Music That's Good Value

What values are inherent in traditional Irish music?

What part have the values within Irish traditional music played in its ascent over the past forty years? How much of it has been about the music, and how much has been about the community? As the world turns on its side to get a better look at the way we’ve been living, economically and environmentally at least, it underlines how traditional Irish music has always represented something else, something utopian even.

It is the egalitarianism inherent in traditional Irish music which leaps out first, and which is manifest in the informal music-making that is the pub session. A ‘session etiquette’ prevails, an unwritten code based on respect for knowledge and experience, and an undeniable comradery among strangers. There is also a respect for, and curiosity in, diversity of expression: simplicity of interpretation and technique receive as much attention as music of great sophistication; the Irish language is valued, as is the cultural expression of other cultures; and there is a patience for learning, with both youthful and more mature learners taken seriously and singled out for encouragement. An ethic of volunteerism is also widespread, in the form of teaching and organising. Engagements are often carried out for little reward, and performing for no remuneration at all is equally commonplace.

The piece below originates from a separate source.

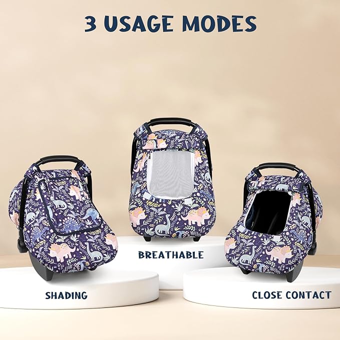 Pea Pod Car Seat Cover Baby, Infant Car Seat Canopy Covers for Newborn with 2 Layers Windows of Breathable Mesh Fabric, Lightweight Polyester/Soft Minky Dot Backing (Dinosaur)

All these values, perceived as ‘old values’, like the music, have somehow managed to sustain through the generations. Such deportment is often broken of course, but the point is that transgressions are still recognised as such, and frowned upon. Combined with the appeal of the music itself – an easy-entry, low-cost art form, which provides challenge and opportunity for the complete beginner as well as the virtuoso – it makes for a particularly appealing community to become a part of.

Why a community that displays these values has been so attractive over the past few decades is clear: those same values have struggled to sustain themselves in society at large. Society’s breakdown in trust and the resulting atomisation has sent citizens running for communal shelter. Traditional Irish music – its sessions, festivals and community – is an escape. When the cold wind blows, people are swept into this musical world, and thus its previously tiny numbers have ballooned.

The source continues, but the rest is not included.